**Data for analysis:**
----

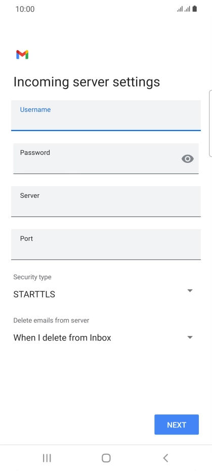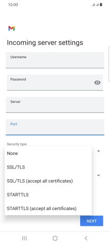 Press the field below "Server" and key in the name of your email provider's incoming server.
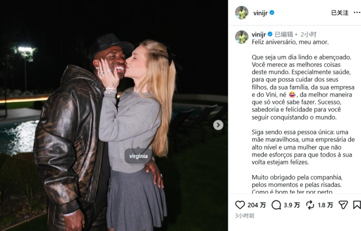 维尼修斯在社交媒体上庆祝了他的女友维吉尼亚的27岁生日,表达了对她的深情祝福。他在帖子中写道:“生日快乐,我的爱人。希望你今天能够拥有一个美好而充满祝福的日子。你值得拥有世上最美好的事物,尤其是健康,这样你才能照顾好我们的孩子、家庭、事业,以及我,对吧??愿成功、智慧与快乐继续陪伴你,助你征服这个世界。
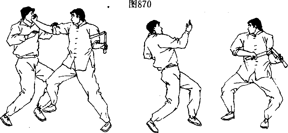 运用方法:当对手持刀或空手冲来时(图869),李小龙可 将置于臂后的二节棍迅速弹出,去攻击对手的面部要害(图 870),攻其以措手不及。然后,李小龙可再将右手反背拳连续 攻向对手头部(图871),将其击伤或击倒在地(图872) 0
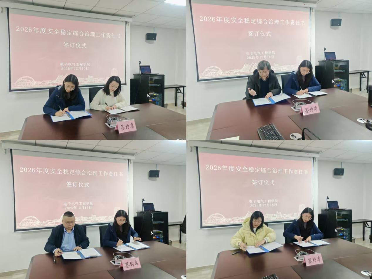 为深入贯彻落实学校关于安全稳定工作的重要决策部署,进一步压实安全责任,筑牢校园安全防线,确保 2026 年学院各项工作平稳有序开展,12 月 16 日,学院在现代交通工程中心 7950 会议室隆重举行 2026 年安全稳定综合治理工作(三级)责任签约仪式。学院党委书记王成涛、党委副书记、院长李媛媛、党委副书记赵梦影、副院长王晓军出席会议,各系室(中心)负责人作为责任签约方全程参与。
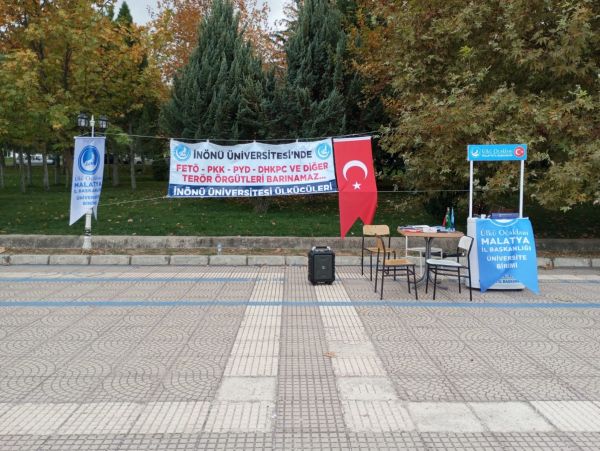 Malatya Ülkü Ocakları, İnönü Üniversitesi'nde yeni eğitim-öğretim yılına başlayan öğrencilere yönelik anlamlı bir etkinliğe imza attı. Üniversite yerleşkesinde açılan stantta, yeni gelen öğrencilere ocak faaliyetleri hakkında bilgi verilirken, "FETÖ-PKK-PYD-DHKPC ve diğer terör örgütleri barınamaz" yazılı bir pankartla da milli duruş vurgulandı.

----

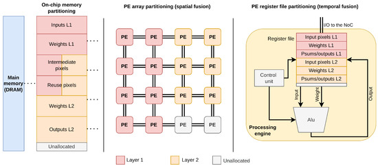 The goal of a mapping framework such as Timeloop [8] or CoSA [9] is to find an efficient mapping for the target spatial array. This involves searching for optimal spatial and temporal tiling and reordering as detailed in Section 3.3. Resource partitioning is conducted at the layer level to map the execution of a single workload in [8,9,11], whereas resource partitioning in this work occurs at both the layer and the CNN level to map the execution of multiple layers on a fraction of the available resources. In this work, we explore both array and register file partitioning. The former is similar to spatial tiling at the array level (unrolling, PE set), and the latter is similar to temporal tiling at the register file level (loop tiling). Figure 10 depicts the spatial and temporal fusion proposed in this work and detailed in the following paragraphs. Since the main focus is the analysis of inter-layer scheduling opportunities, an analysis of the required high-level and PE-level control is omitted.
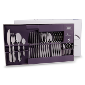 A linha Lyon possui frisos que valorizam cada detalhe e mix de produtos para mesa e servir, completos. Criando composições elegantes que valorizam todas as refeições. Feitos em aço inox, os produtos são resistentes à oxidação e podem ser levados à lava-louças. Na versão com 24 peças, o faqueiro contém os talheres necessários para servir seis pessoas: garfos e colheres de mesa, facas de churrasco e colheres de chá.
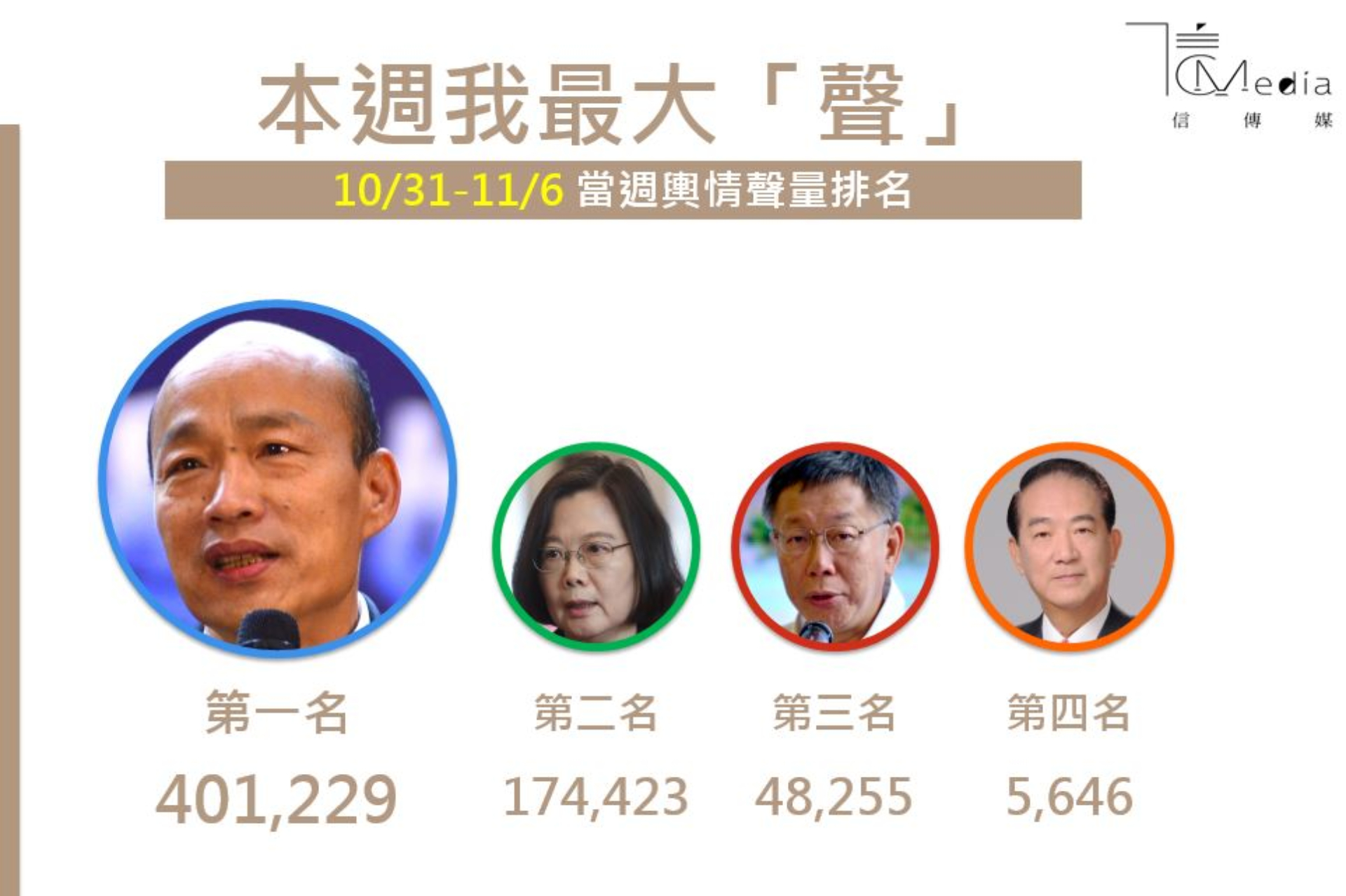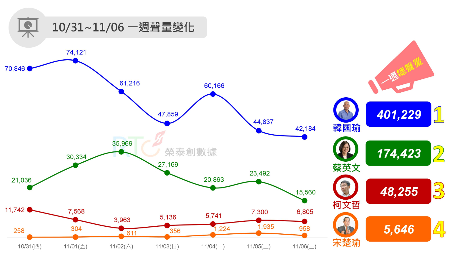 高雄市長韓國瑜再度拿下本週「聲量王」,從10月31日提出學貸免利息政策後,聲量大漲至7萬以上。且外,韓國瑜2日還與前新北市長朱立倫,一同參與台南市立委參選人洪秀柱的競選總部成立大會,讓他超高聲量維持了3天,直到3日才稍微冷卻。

----

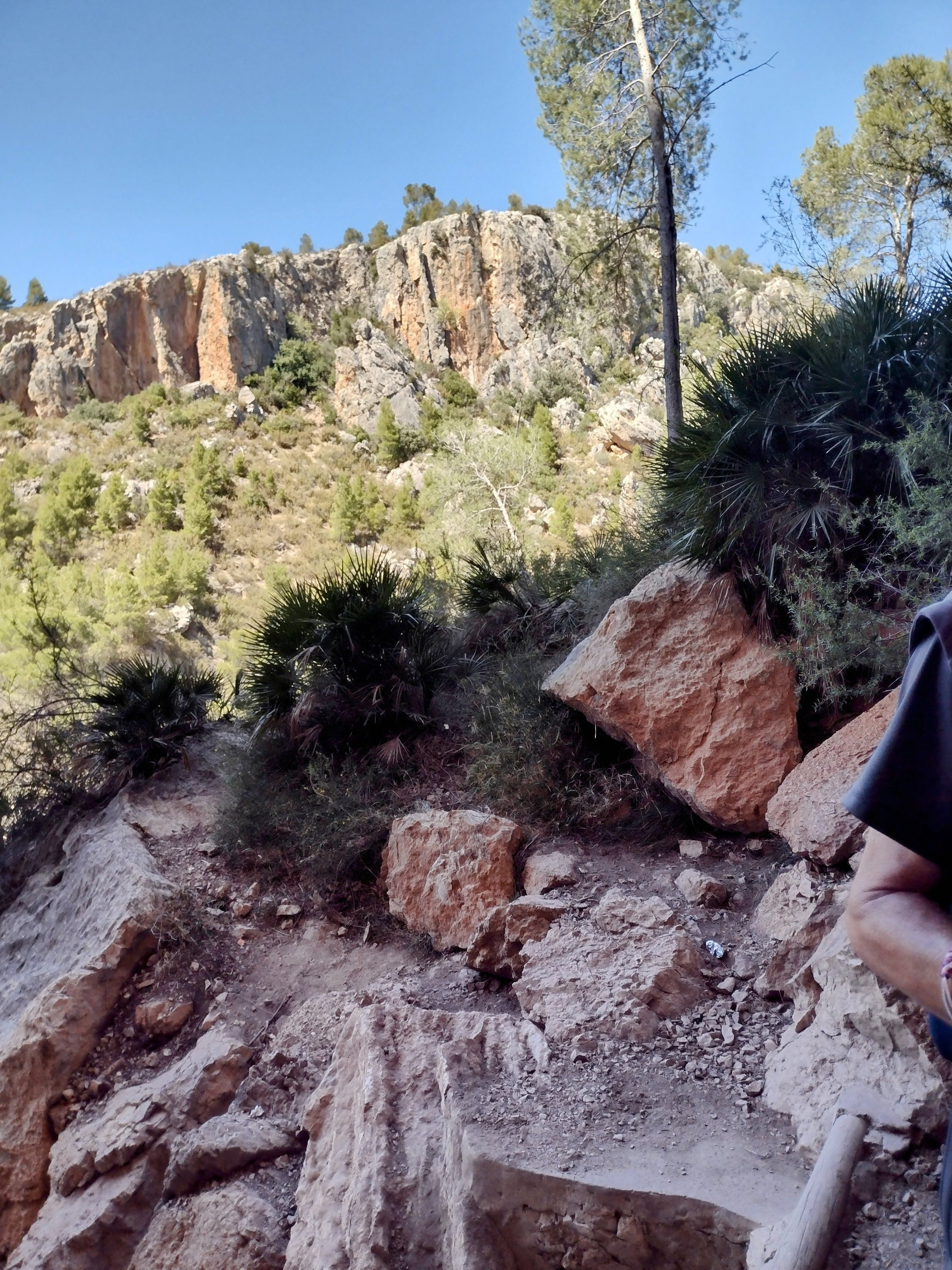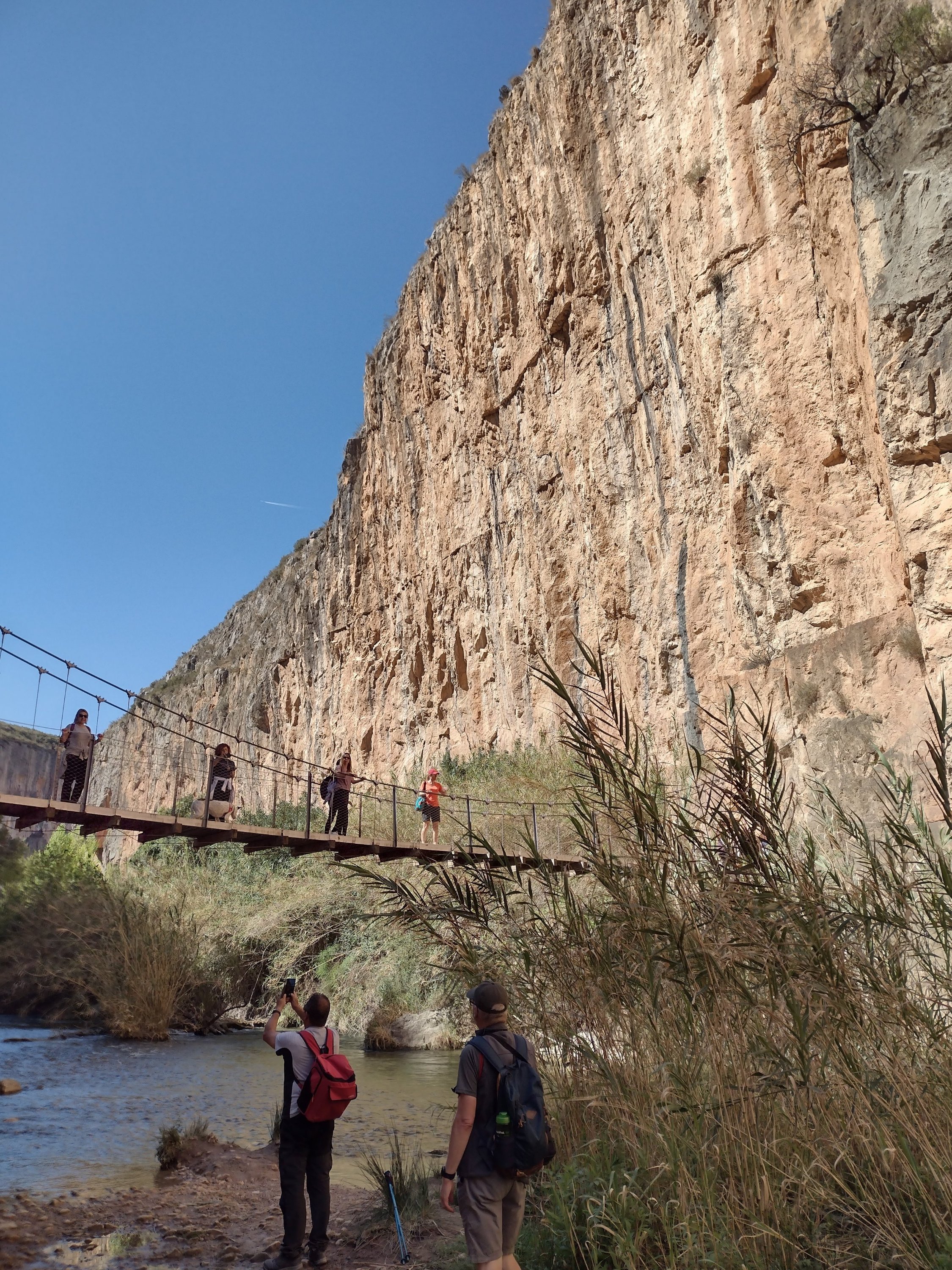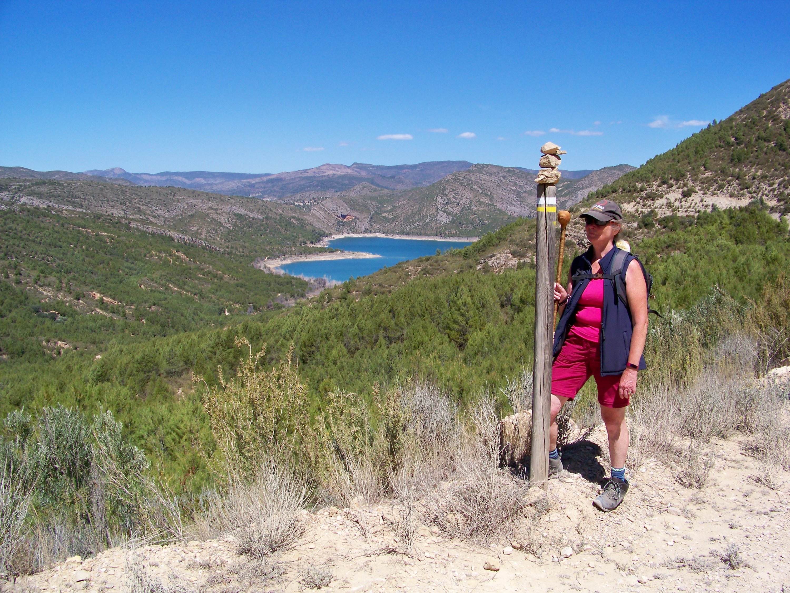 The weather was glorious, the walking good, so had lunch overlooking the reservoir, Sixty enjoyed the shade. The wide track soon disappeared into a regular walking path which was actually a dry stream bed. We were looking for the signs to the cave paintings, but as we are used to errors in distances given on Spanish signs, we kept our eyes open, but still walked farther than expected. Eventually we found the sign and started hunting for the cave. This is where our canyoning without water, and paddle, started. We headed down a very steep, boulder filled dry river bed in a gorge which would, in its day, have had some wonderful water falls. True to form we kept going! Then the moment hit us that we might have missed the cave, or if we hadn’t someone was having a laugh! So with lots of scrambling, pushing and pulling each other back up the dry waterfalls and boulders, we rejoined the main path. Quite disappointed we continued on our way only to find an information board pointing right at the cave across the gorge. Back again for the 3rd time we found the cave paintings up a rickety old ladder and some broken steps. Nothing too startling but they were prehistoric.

----

**Work request:** Reproduce the records above exactly, but only from the line with "A linha Lyon" up to and including the line with "高雄市長韓國瑜再度拿下本週「". Leave the pictures out.

**Reply:**
 A linha Lyon possui frisos que valorizam cada detalhe e mix de produtos para mesa e servir, completos. Criando composições elegantes que valorizam todas as refeições. Feitos em aço inox, os produtos são resistentes à oxidação e podem ser levados à lava-louças. Na versão com 24 peças, o faqueiro contém os talheres necessários para servir seis pessoas: garfos e colheres de mesa, facas de churrasco e colheres de chá.
 高雄市長韓國瑜再度拿下本週「聲量王」,從10月31日提出學貸免利息政策後,聲量大漲至7萬以上。且外,韓國瑜2日還與前新北市長朱立倫,一同參與台南市立委參選人洪秀柱的競選總部成立大會,讓他超高聲量維持了3天,直到3日才稍微冷卻。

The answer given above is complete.